:: DATASET EXCERPTS ::
________________________

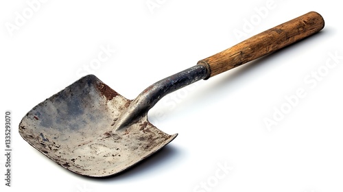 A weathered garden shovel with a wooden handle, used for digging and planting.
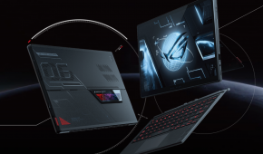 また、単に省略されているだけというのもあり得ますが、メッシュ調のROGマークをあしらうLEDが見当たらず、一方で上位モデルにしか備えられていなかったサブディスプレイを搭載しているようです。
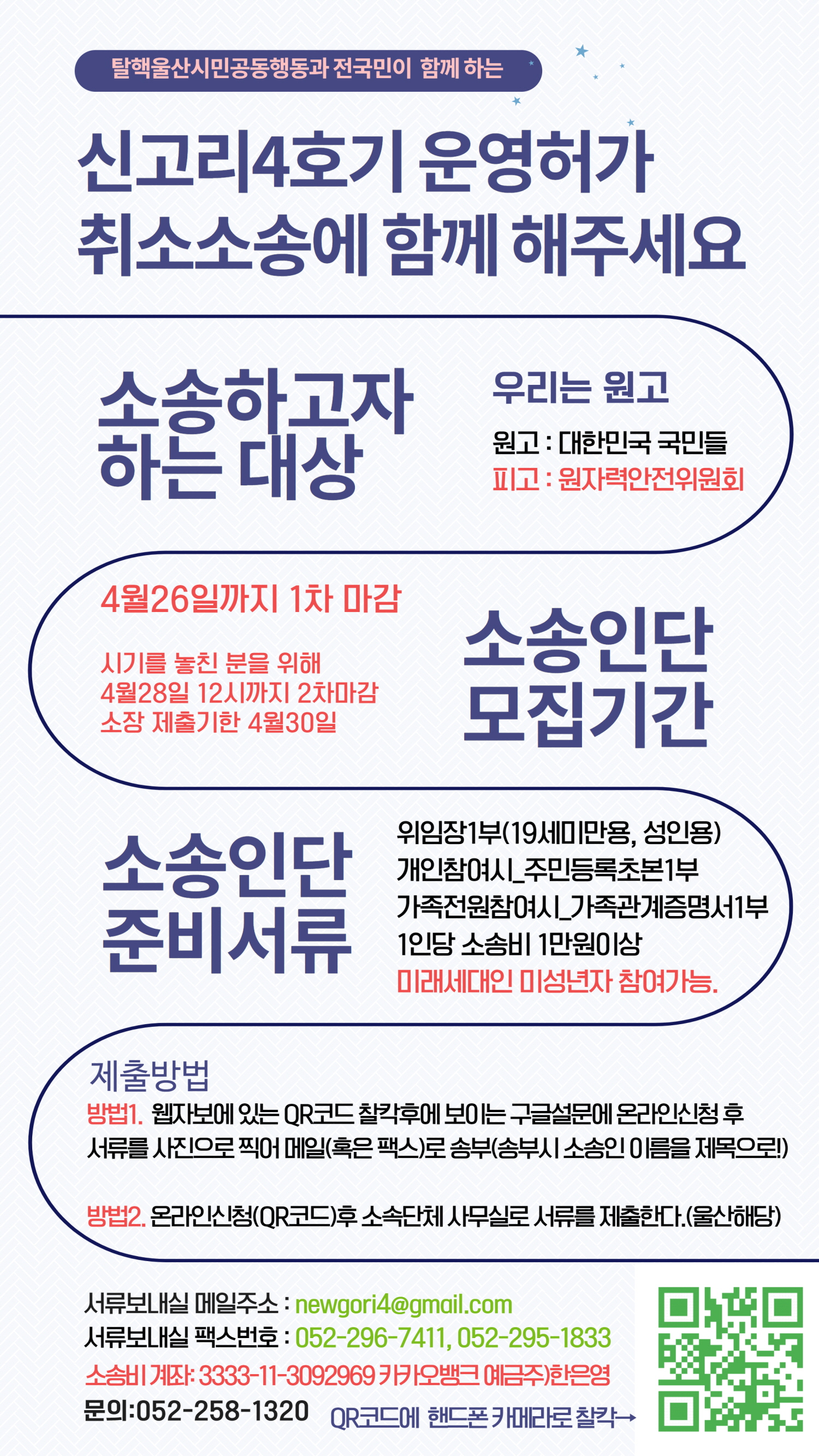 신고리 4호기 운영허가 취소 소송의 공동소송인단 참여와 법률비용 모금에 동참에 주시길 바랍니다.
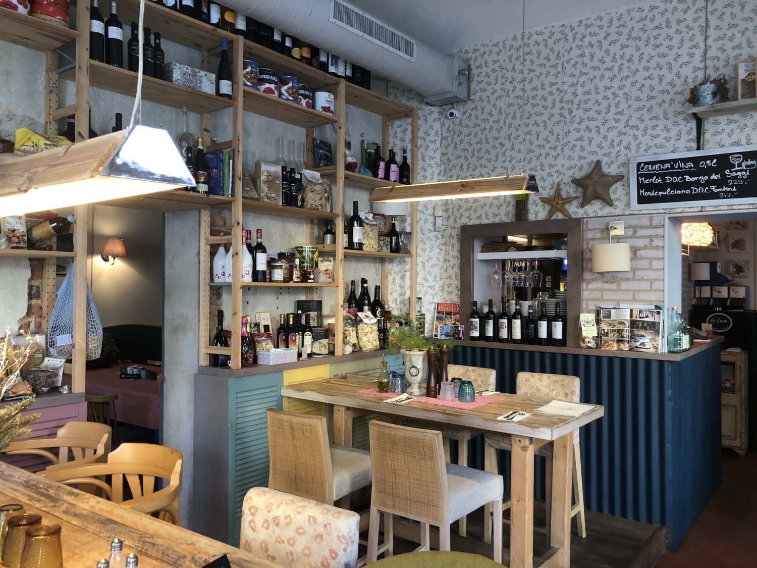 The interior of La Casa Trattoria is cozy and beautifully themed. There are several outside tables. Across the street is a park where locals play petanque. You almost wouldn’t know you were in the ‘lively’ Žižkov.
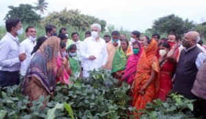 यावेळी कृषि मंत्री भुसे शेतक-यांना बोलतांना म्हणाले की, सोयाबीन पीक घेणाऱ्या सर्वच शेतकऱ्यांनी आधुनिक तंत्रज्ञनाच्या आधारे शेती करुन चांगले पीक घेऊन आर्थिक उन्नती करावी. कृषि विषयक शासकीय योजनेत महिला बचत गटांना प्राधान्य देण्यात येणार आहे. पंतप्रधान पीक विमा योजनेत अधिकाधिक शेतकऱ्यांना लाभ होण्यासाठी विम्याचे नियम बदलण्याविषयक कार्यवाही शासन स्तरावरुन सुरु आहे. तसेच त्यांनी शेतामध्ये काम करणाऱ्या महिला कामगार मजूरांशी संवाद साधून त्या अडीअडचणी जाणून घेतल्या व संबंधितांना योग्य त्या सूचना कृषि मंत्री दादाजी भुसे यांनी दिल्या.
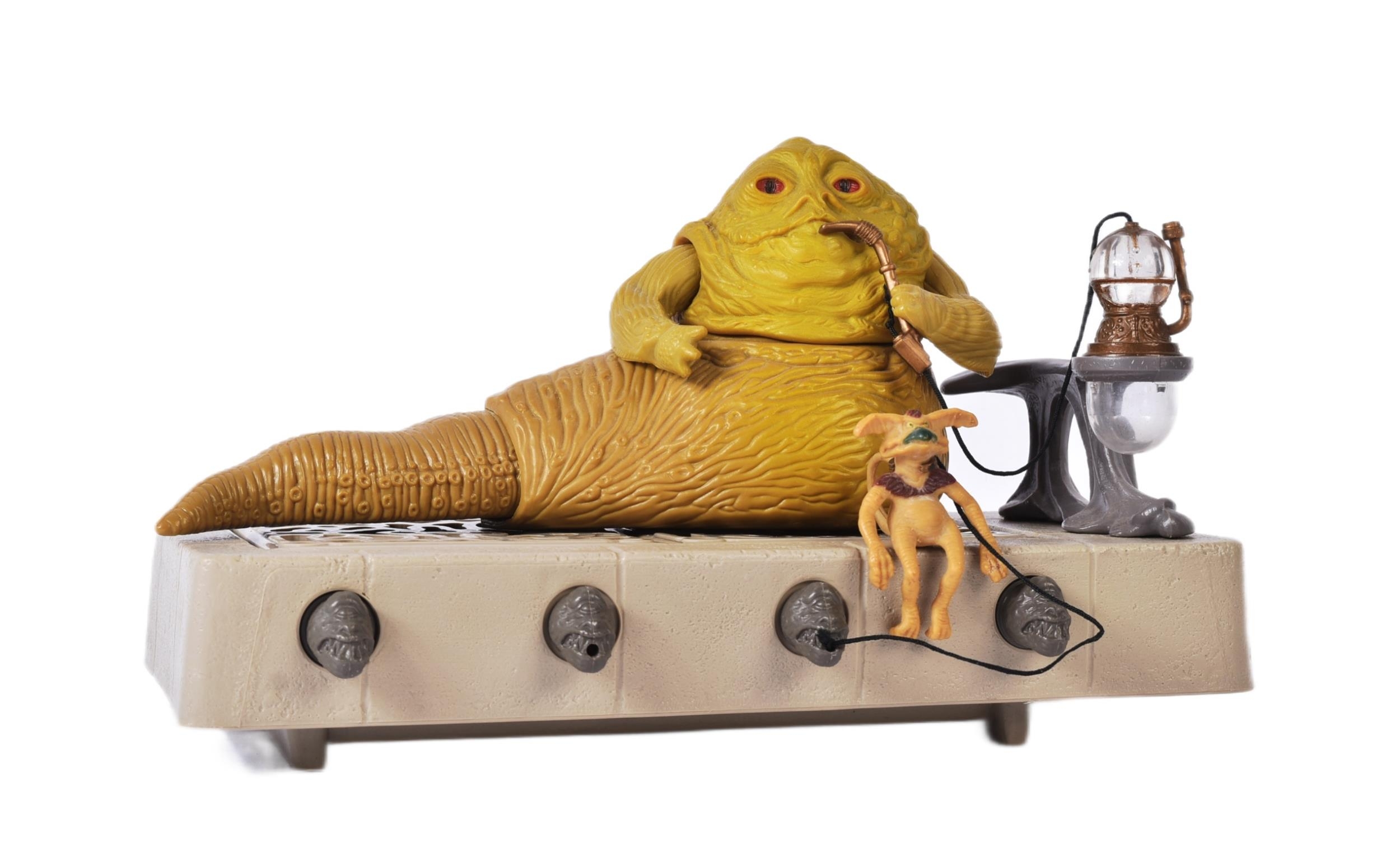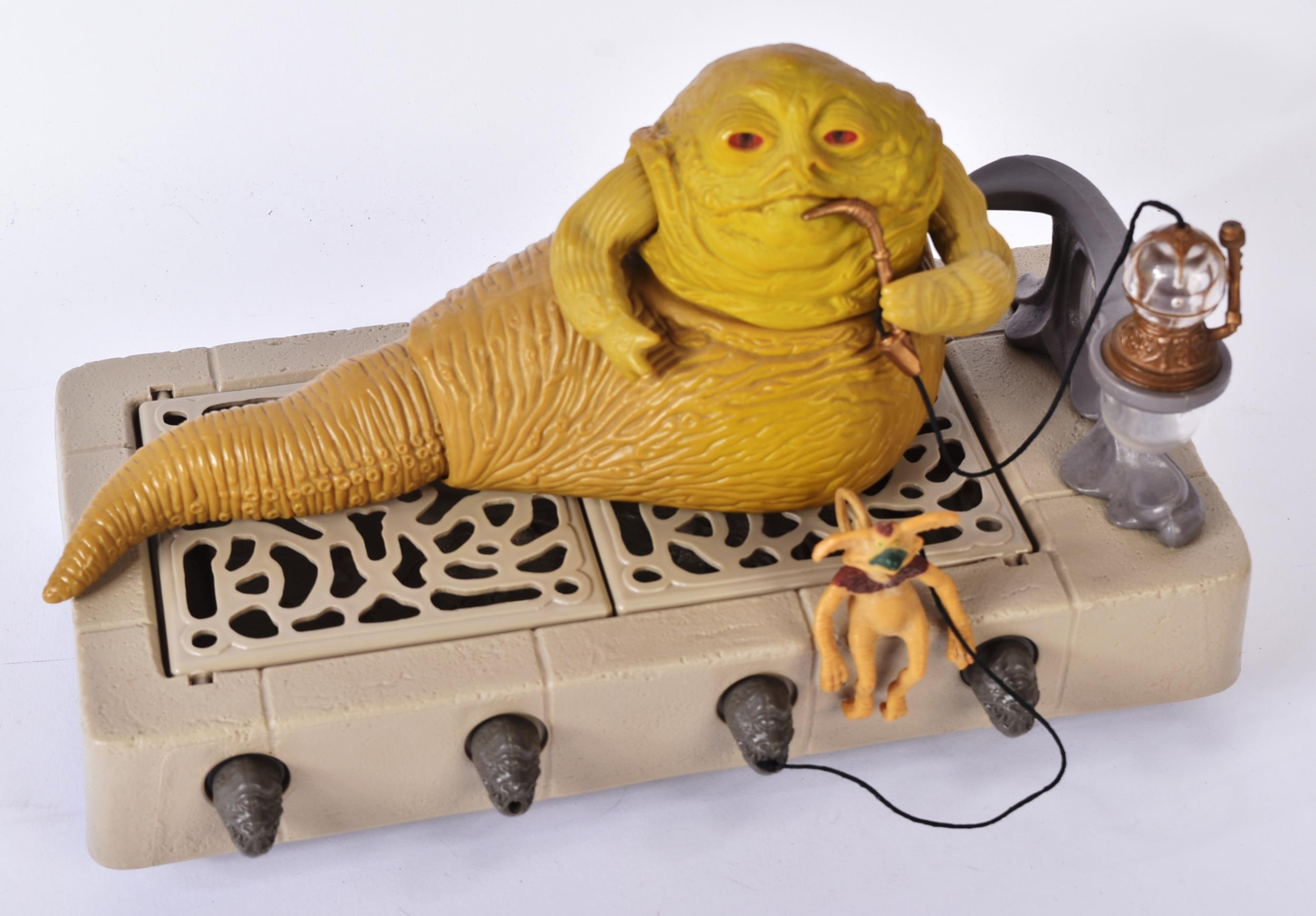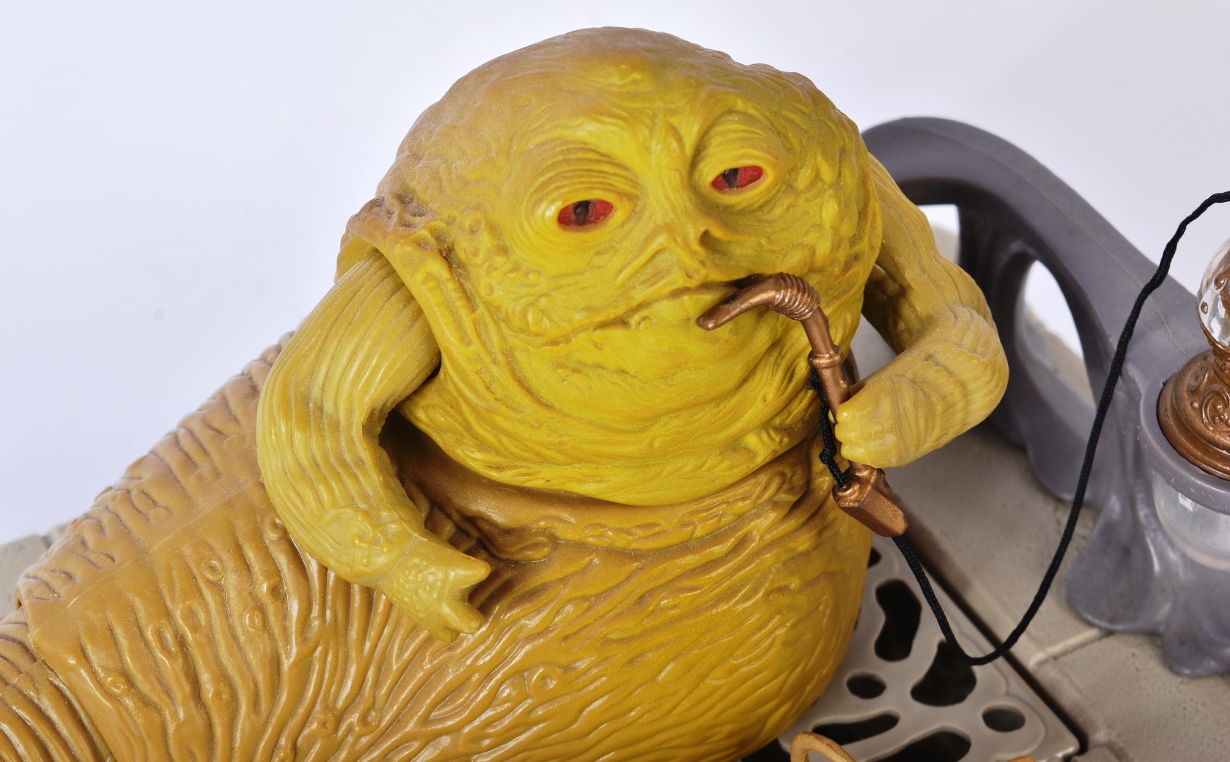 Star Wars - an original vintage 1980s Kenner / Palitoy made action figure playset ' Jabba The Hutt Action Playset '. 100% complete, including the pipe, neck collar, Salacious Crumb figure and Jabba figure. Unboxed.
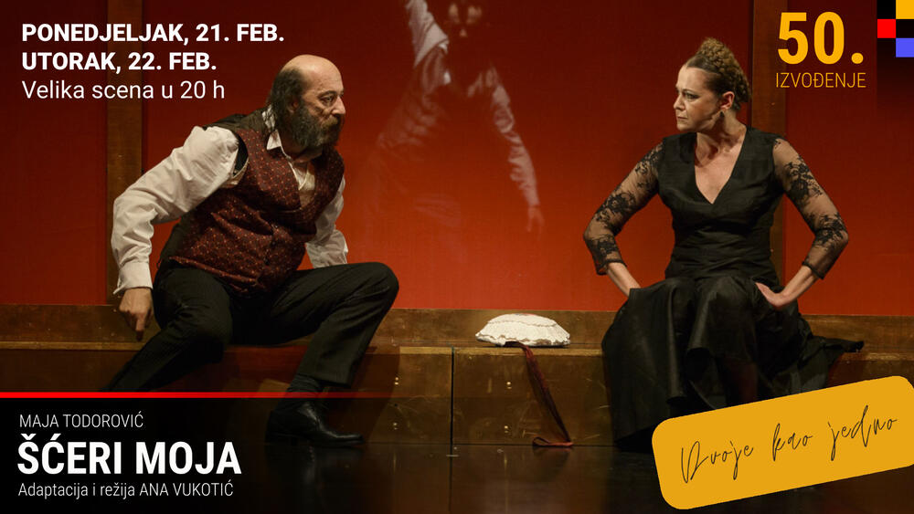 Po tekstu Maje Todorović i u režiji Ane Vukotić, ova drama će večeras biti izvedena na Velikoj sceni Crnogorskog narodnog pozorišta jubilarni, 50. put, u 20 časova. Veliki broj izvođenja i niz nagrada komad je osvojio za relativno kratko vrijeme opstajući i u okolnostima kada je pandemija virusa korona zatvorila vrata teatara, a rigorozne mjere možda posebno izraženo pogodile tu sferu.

________________________

Exactly as written, return every line of the listing, but not the pictures.

:: EXERCISE OUTPUT ::
 A weathered garden shovel with a wooden handle, used for digging and planting.
 また、単に省略されているだけというのもあり得ますが、メッシュ調のROGマークをあしらうLEDが見当たらず、一方で上位モデルにしか備えられていなかったサブディスプレイを搭載しているようです。
 신고리 4호기 운영허가 취소 소송의 공동소송인단 참여와 법률비용 모금에 동참에 주시길 바랍니다.
 The interior of La Casa Trattoria is cozy and beautifully themed. There are several outside tables. Across the street is a park where locals play petanque. You almost wouldn’t know you were in the ‘lively’ Žižkov.
 यावेळी कृषि मंत्री भुसे शेतक-यांना बोलतांना म्हणाले की, सोयाबीन पीक घेणाऱ्या सर्वच शेतकऱ्यांनी आधुनिक तंत्रज्ञनाच्या आधारे शेती करुन चांगले पीक घेऊन आर्थिक उन्नती करावी. कृषि विषयक शासकीय योजनेत महिला बचत गटांना प्राधान्य देण्यात येणार आहे. पंतप्रधान पीक विमा योजनेत अधिकाधिक शेतकऱ्यांना लाभ होण्यासाठी विम्याचे नियम बदलण्याविषयक कार्यवाही शासन स्तरावरुन सुरु आहे. तसेच त्यांनी शेतामध्ये काम करणाऱ्या महिला कामगार मजूरांशी संवाद साधून त्या अडीअडचणी जाणून घेतल्या व संबंधितांना योग्य त्या सूचना कृषि मंत्री दादाजी भुसे यांनी दिल्या.
 Star Wars - an original vintage 1980s Kenner / Palitoy made action figure playset ' Jabba The Hutt Action Playset '. 100% complete, including the pipe, neck collar, Salacious Crumb figure and Jabba figure. Unboxed.
 Po tekstu Maje Todorović i u režiji Ane Vukotić, ova drama će večeras biti izvedena na Velikoj sceni Crnogorskog narodnog pozorišta jubilarni, 50. put, u 20 časova. Veliki broj izvođenja i niz nagrada komad je osvojio za relativno kratko vrijeme opstajući i u okolnostima kada je pandemija virusa korona zatvorila vrata teatara, a rigorozne mjere možda posebno izraženo pogodile tu sferu.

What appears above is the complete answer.